Often considered to be the most aesthetically pleasing window that can add significant value to a house.
Usually fitted in period properties, with a concentration in London. Many listed buildings and properties in conservation areas are required to have sash windows that must be replaced on a like-for-like basis.
The standard sash window has two framed panels that slide up and down crossing over (although, some have one fixed panel, see below). Upper floors must have restrictors fitted as a safety measure.
The original design allows for a vented opening at the top and bottom of the window that can create a draw of air for superior ventilation. A clever design, long before we had air conditioning or extractor fans.
Unfortunately, old sash windows require significant maintenance and usually end up being painted shut in older houses.
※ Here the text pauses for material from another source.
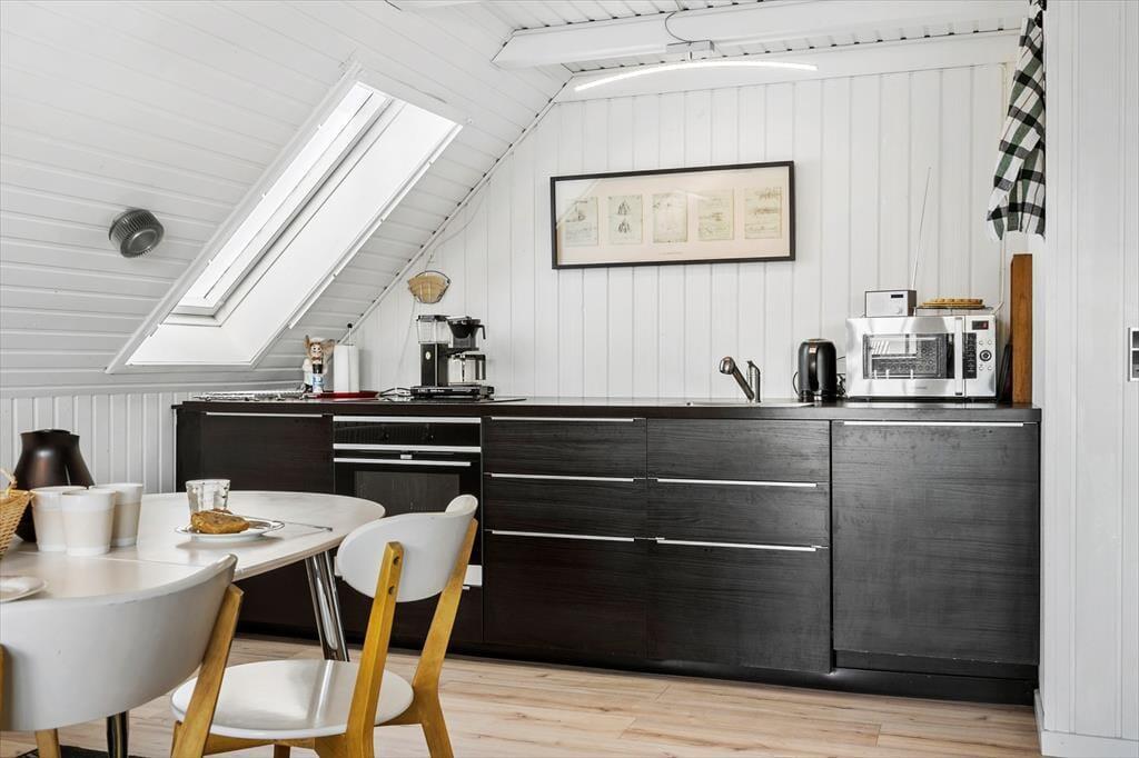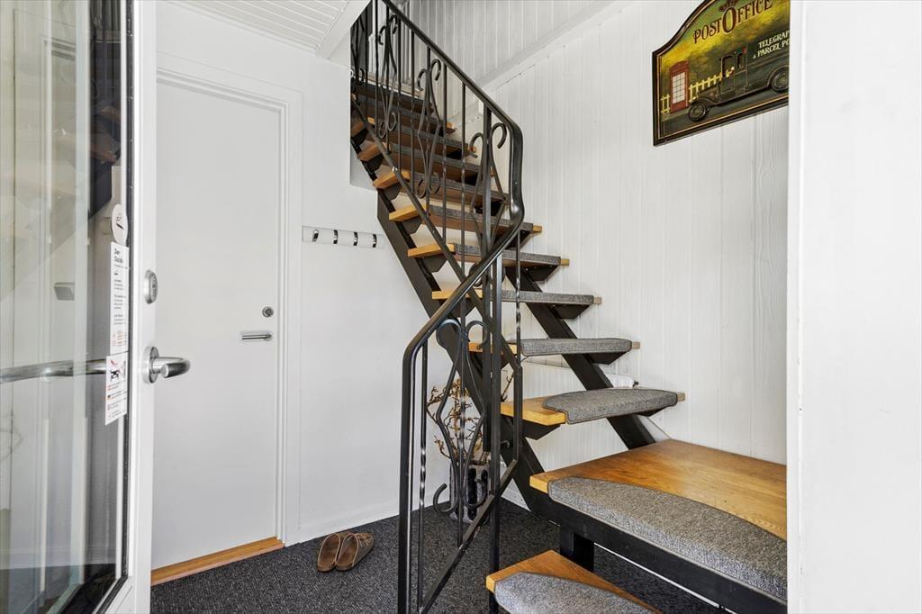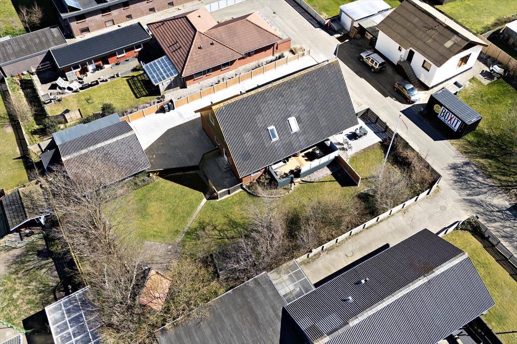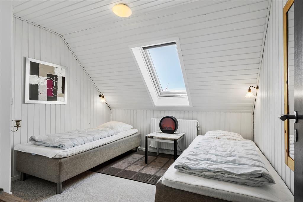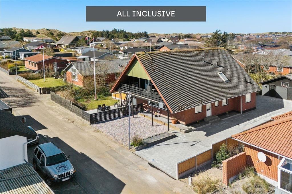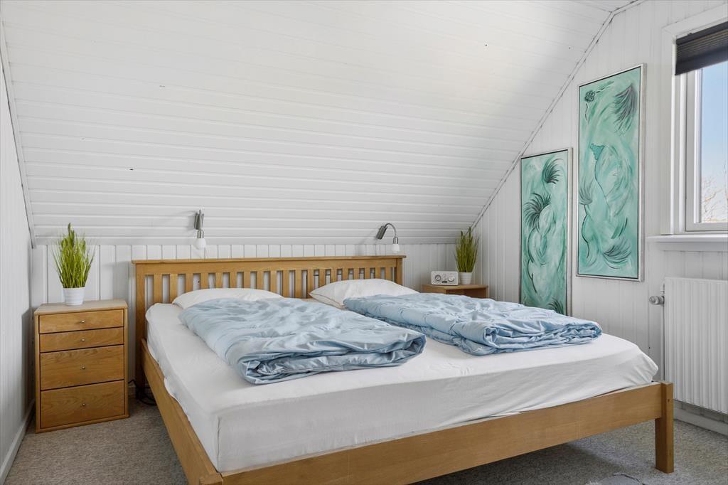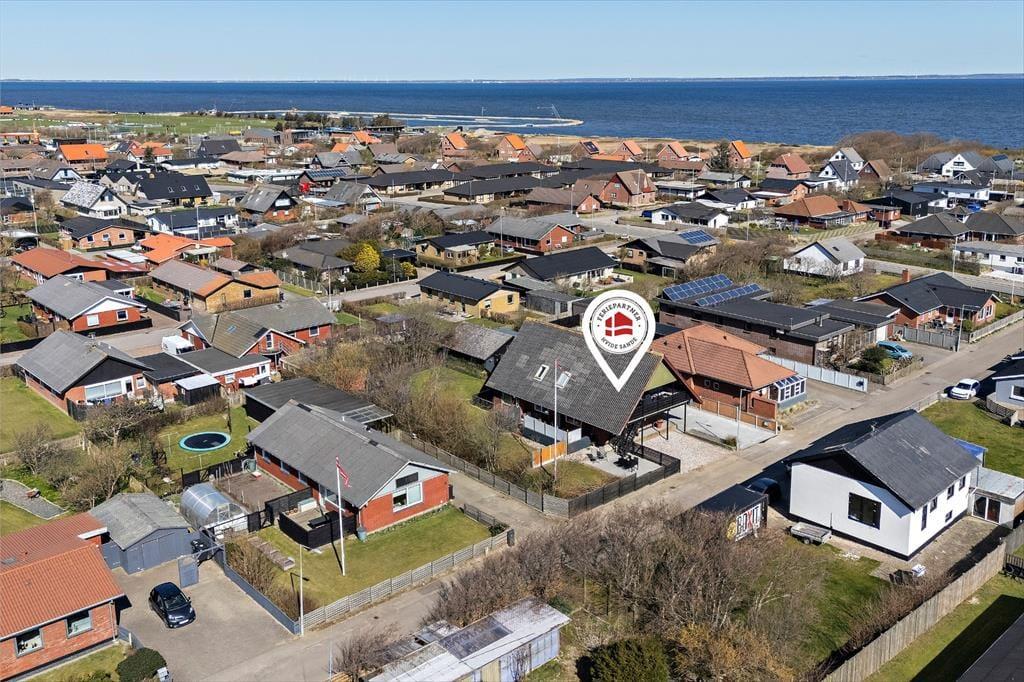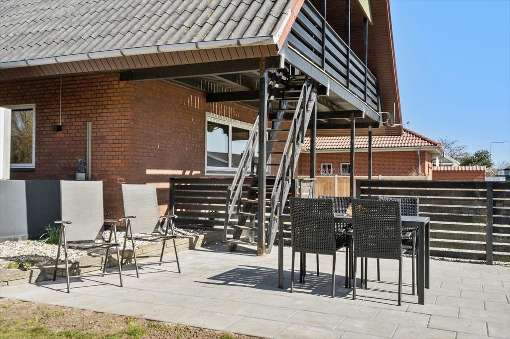 Altanen er hjertet i udelivet her – og det forstår man godt. Heroppe kan du sidde i læ for vinden med udsigt til det lille stykke græs nedenfor, mens morgenkaffen nydes under åben himmel. En trappe fra altanen fører ned til en dejlig terrasse, hvor du kan finde skygge på varme dage eller lade børnene lege, på det lille stykke græs, mens du selv slapper af i havemøblerne. Har du brug for at rense dagens fangst, har du adgang til en fiskerenseplads i det store aflåste skur, som også er ideelt til opbevaring af alt fra surfbræt og elcykel til fiskestænger. Og med privat parkering lige foran huset bliver logistikken under ferien dejligt enkel – du skal bare lande, pakke ud og nyde livet.

As the frames age, they create gaps that rattle in the wind and allow blasts of cold air. Cords become frayed and the sashes have to be propped open. Or, they become warped and stiff in the frames and can’t be pushed open.
Modern sash windows are constructed with spiral balances that allow easy opening and closing. Brushes that ensure a good seal when closed and can be double glazed for energy efficiency.
Well-fitted contemporary sash windows look stunning on a period property. Although they are an investment, they can make a property more desirable for sale.
Beware of removing sash windows from period properties as it can have a negative impact on the property value.
There are a few different types of sash windows:
- Single hung
One sash pane slides whilst the other remains fixed.
- Double hung
Both sash panes will slide open to allow venting at the top and bottom of the window.
- Dummy Sash
The window is styled to look like a normal sash window but the sashes are fixed and don’t open. Used to create symmetry and or equal sightlines on a property.